Section 414(n) of the Internal Revenue Code requires that "leased employees" be taken into account as employees of an employer for certain tax qualification purposes. Subsection (n)(2) of the provision defines such persons as ones who are "not employee[s]" of the company receiving their services, whose services are provided to the company pursuant to an agreement between the company and a `leasing organization,' and who meet certain other requirements. 26 U.S.C.A. § 414(n) (West Supp. 2008). The determination of whether a person is an employee of the company receiving his or her services is, for this purpose, determined in accordance with common-law principles. Burrey v. Pacific Gas Elec. Co., 159 F.3d 388, 392-93 (9th Cir. 1998).See also I.R.S. Notice 84-11, 1984-2 C.B. 469, 1984 WL 264668 at A-1 ("for purposes of certain employee benefit provisions, a `leased employee' generally shall be treated as an employee of the person for whom such leased employee performs services (the `recipient' of the services) even though such individual is a common law employee of the leasing organization").

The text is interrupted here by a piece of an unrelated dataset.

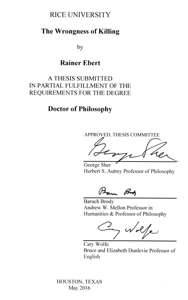 “The Wrongness of Killing,” PhD dissertation, Rice University (2016)
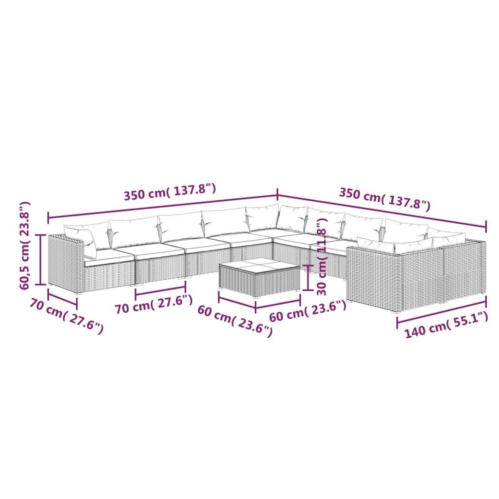 Sodo baldų komplektas, su pagalvėlėmis, 11 dalių, juodas Sintetinė vytelė

An Employee or former Employee who (A) was an Employee on the first day of the month on or after the date he or she satisfied all of the eligibility requirements for membership in the Plan; (B) is either entitled to or may become entitled to an Accrued Benefit under the terms of the Plan; and (C) has not died or received all of the retirement Income to which he or she is entitled under the Plan.

(Id. § 1.49.)

The Eligibility and exclusion provisions of the Plan read in pertinent part as follows:

Section 2.01 Eligibility. Membership in this Plan is available to any Employee who meets the criteria specified in Sections 2.01(A), 2.01(B) and 2.01(C), below:
(A) Eligible Employee Classification. To be eligible for membership in this Plan, the Employee must be within an eligible classification of Employees, designated as eligible for this Plan by the board of Directors of an Employer from time to time, and
(B) Eligible Service Assignment. The Employee must be assigned to service:
(1) in the United States and not represented by a labor organization . . .; and
(C) Eligibility Service. The Employee must be credited with one year of Eligibility Service.
Section 2.02. Excluded Employees. Membership in this Plan is not available to any Employee who does not meet the criteria listed in Section 2.01 or who is a Leased Employee.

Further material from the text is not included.